## Exercise aim
Could you repeat the entries below exactly, but only from the line with "Ge dig ut på" through the line with "password: 摄像头登录密码", and without any picture?

## Excerpted data
§ §

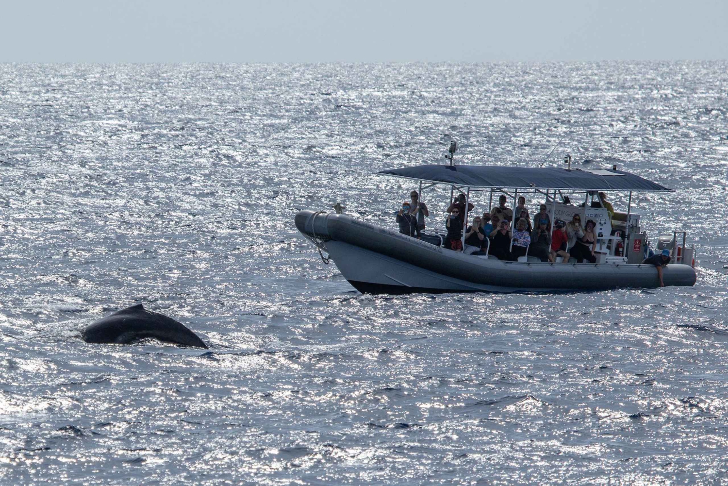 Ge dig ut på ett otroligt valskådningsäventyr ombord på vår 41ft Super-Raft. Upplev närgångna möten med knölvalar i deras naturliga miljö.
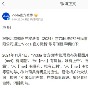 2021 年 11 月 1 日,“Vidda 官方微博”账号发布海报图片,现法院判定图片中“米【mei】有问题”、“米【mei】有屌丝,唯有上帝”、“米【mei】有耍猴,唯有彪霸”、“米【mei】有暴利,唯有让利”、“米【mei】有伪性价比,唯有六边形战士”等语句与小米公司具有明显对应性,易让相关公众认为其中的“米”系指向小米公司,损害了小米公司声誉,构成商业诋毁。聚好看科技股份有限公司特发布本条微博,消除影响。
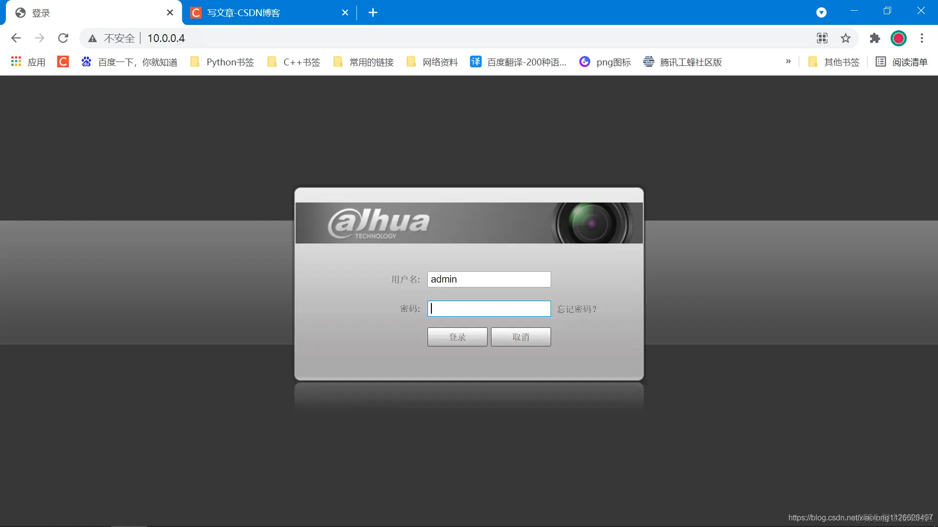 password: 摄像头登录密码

§ §

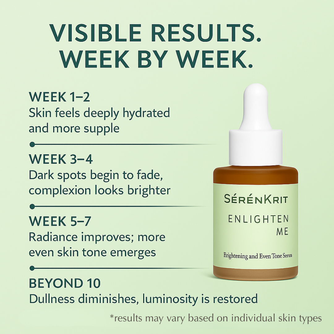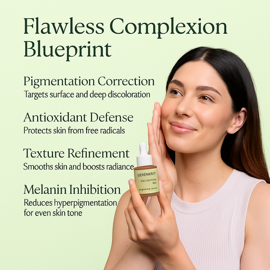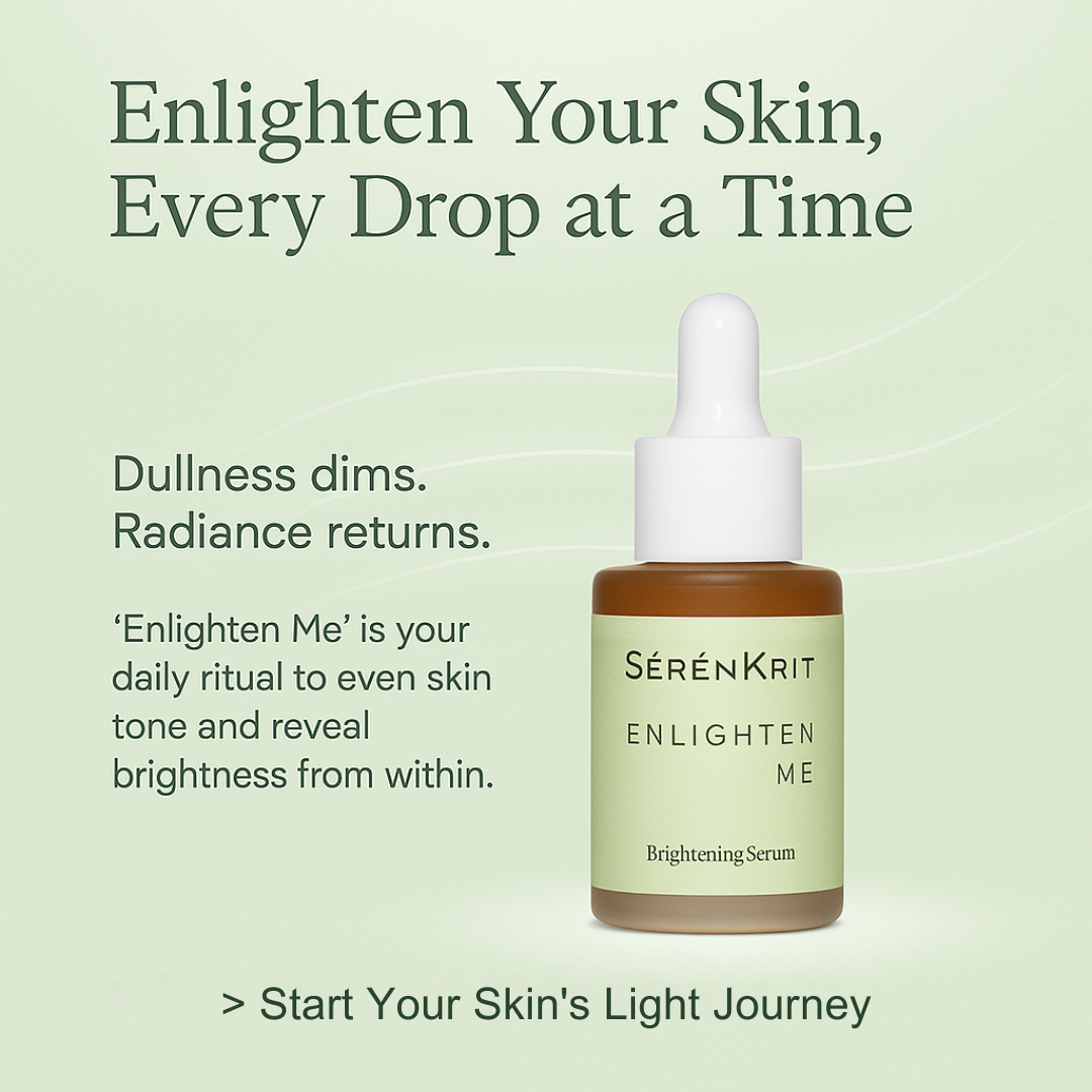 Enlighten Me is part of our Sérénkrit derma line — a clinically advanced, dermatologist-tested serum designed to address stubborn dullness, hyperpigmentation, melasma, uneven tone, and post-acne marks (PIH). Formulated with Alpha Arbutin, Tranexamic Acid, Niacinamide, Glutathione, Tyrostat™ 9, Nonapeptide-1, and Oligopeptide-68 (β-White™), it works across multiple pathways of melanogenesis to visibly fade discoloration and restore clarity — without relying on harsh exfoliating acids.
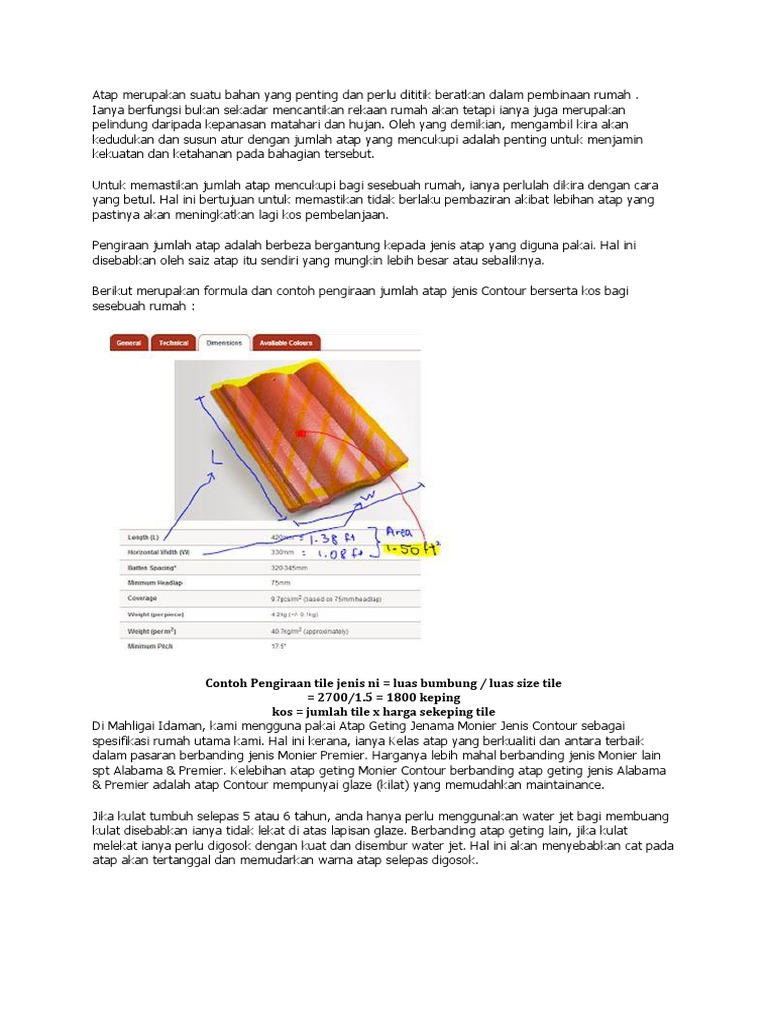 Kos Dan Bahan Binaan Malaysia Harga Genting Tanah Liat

§ §

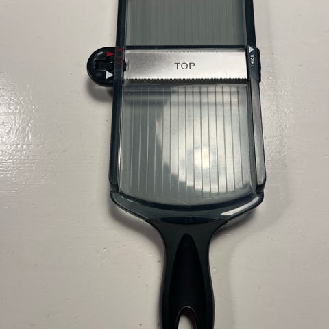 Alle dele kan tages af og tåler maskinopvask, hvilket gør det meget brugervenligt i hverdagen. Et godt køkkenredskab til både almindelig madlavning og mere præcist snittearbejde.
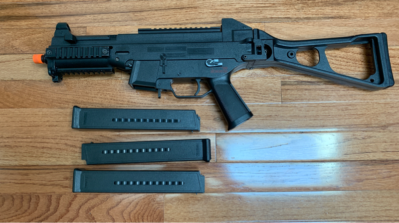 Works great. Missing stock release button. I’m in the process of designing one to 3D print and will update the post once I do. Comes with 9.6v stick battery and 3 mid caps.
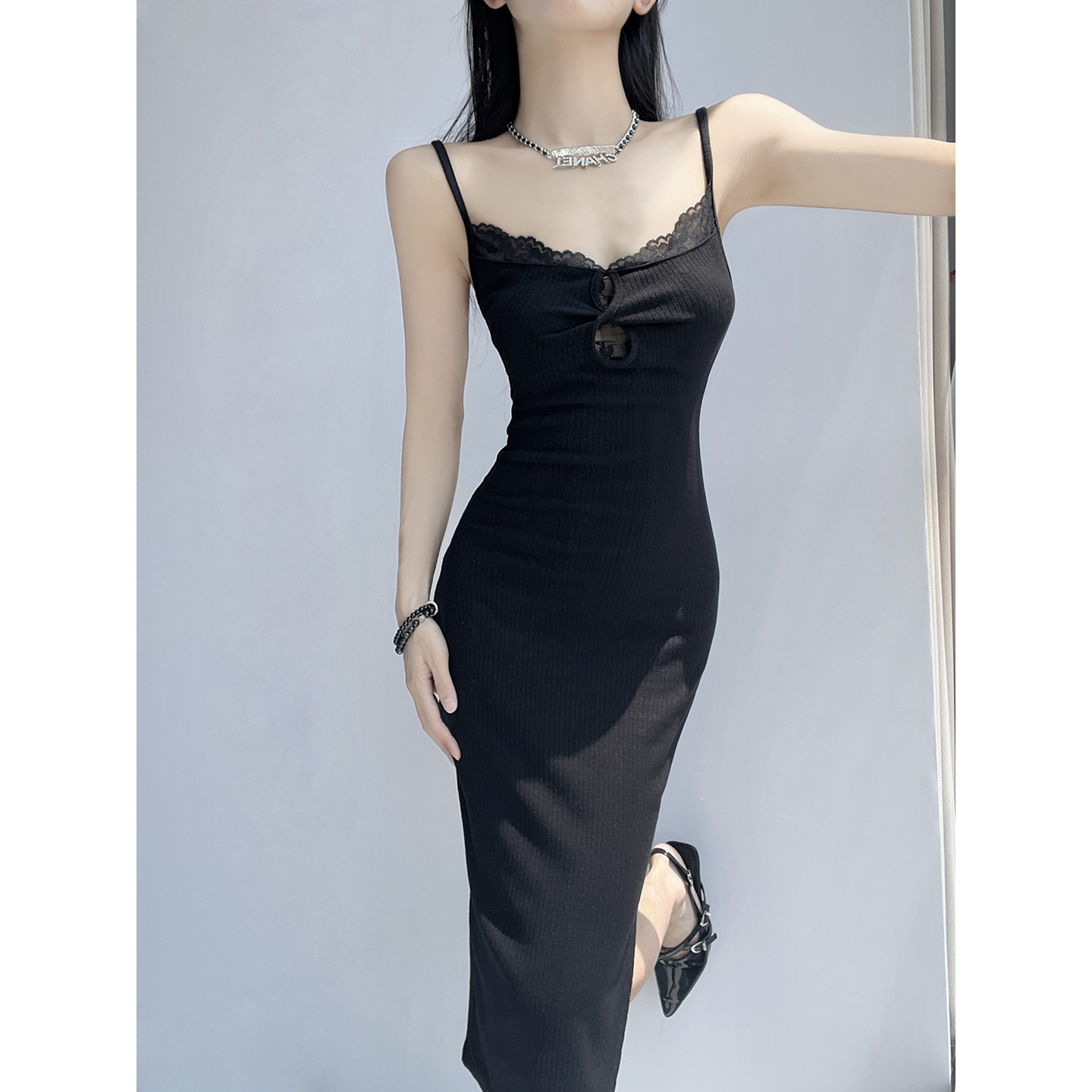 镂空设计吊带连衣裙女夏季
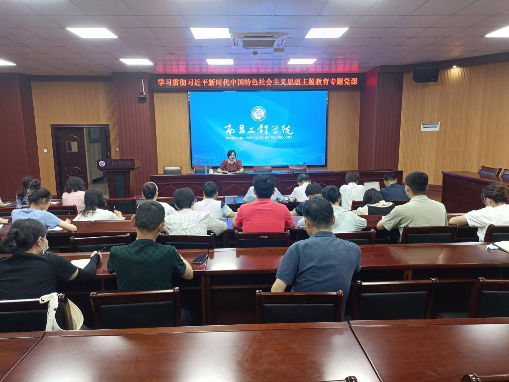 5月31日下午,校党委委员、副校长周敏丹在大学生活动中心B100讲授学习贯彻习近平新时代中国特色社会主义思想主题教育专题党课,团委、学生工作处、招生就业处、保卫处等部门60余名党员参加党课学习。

§ §

## Finished exercise
 Ge dig ut på ett otroligt valskådningsäventyr ombord på vår 41ft Super-Raft. Upplev närgångna möten med knölvalar i deras naturliga miljö.
 2021 年 11 月 1 日,“Vidda 官方微博”账号发布海报图片,现法院判定图片中“米【mei】有问题”、“米【mei】有屌丝,唯有上帝”、“米【mei】有耍猴,唯有彪霸”、“米【mei】有暴利,唯有让利”、“米【mei】有伪性价比,唯有六边形战士”等语句与小米公司具有明显对应性,易让相关公众认为其中的“米”系指向小米公司,损害了小米公司声誉,构成商业诋毁。聚好看科技股份有限公司特发布本条微博,消除影响。
 password: 摄像头登录密码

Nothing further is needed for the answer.